My husband and I are not very serious about new year's resolutions but we do usually have a chat about some goals for the year in a bid to start off the new year with a bit of direction. We had a conversation this new year's eve about a couple of things we each hoped to achieve but rather than the pressure of keeping up with something for a whole year, we acknowledged that there were a couple of things we would try to do for just one month.

There is plenty of evidence out there that a month is the amount of time to make something a habit and that if you can do a month of something, you are more likely to be able to continue doing that thing longer term if you so wish. A month is a lot more manageable than a whole year and by focusing on a month initially, you are already making your goal more in your reach. Once you get to the end of the month, you will have the sense of success of having achieved your aim. Knowing you can do it for a month incentivises you to try continuing it for another month. If on the other hand, you do not wish to keep the action up, no pressure, you can leave it to the side with the knowledge you did it for a whole month and knowing you could do the same again at a later date if you feel you want to.

If you have not made any new year's resolutions but are still thinking about it, it's never too late! Starting on the first of January is not for everyone and you can start whenever feels like a good time for you. Maybe being back to the school routine is a better time to kick start a change in your daily life or maybe you want to wait until closer to spring.

In considering your possible resolutions for the year ahead, think about some of the different aspects of your life:
 
Physical - exercise is an obvious and common one but be specific about what kind of exercise, how long and how frequent, and be realistic! Walking more instead of always taking the car, taking the stairs instead of the lift at work are other simple changes you could choose to make.

Emotional - could be something to connect more or better with a member of your family, a weekly call to a friend, helping out a neighbour, writing a regular letter/email to someone you care about.

Spiritual - anything from going to church more, reading a spiritual text, to taking 5-10 mins a day to meditate.

Integrity - volunteer work, helping someone in need, giving some of your time to a local school/church/organisation

Intellectual - read x number of books during the year, read 5-10 mins of news each day, learn a new skill by attending a class or doing an online course

Parenting - is there something you can do differently/better with your children? You and your partner could take it in turns to do 1-1 outings/activities with the children or as a family you could introduce more regular family time in the form of short excursions/games nights or whatever

Work/career - update or add to an existing skill you have, connect with new people in your field, send out your CV to x number of recruiters/targeted companies....

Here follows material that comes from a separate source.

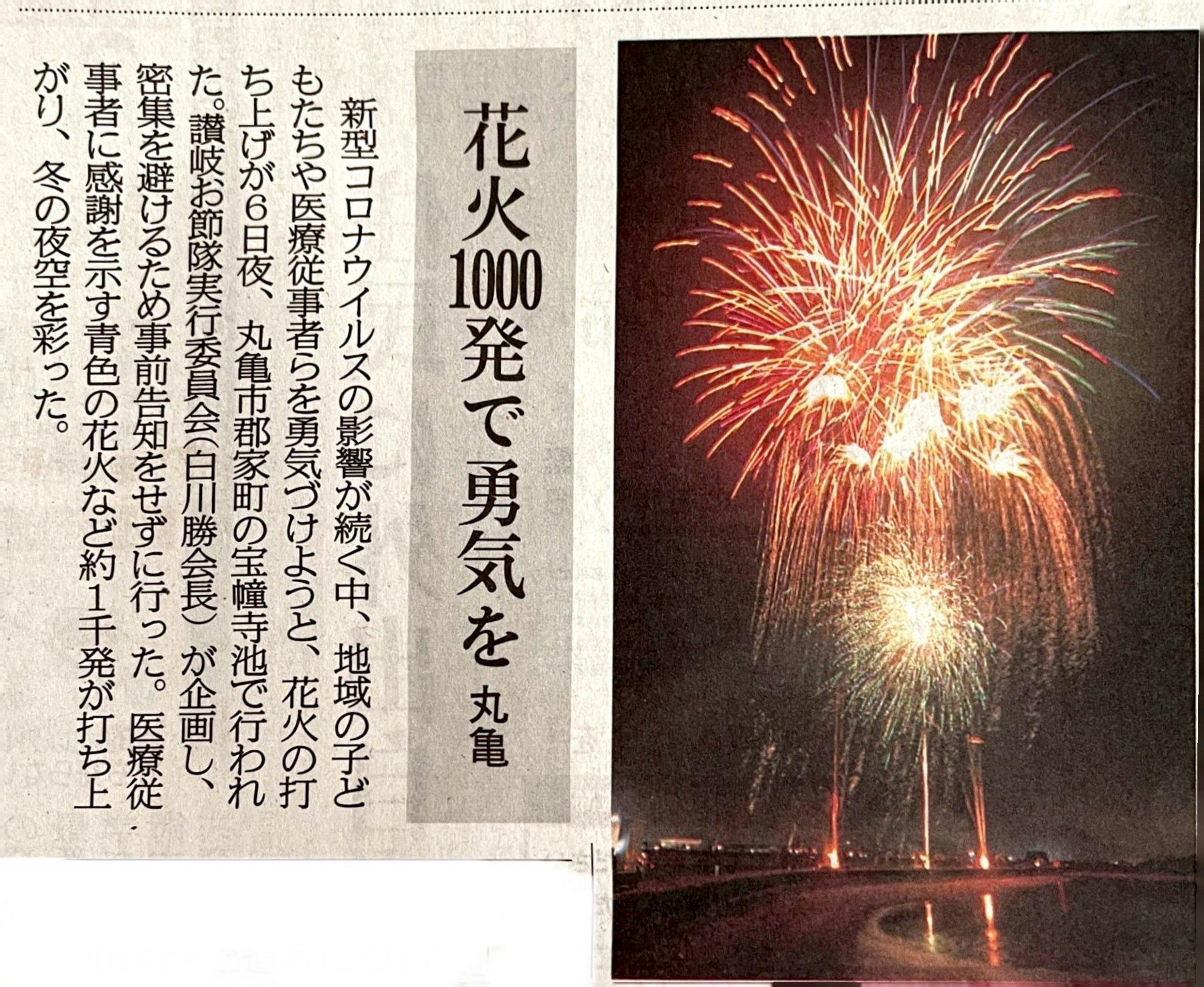 本年は地域の子どもたちはもちろんのこと、香川県内の医療機関の小児病棟の病気と闘う子どもたちや、緩和病棟で病魔と闘っている患者さんに少しでも笑顔を届けたい、その想いで本年も花火大会を開催すべく計画をしております。

Keep your resolutions simple, manageable and specific. As an example, I decided on a whim to do five minutes of Spanish every day. I had downloaded an app (Duolingo) where you can learn languages for free and can set yourself daily targets. As a busy mother to three, I do not have much spare time but five timed minutes is definitely doable. I do my five minutes, it is very quick, it is simple and yet I feel like I have accomplished something. I might not be fluent by the end of the year, but that is not my resolution!

It can definitely feel overwhelming to commit to something for a whole year. Take off the pressure by keeping goals small and measurable and initially aiming for one month. See where the month takes you and go from there!

Have you made any resolutions this year or are you still thinking about it?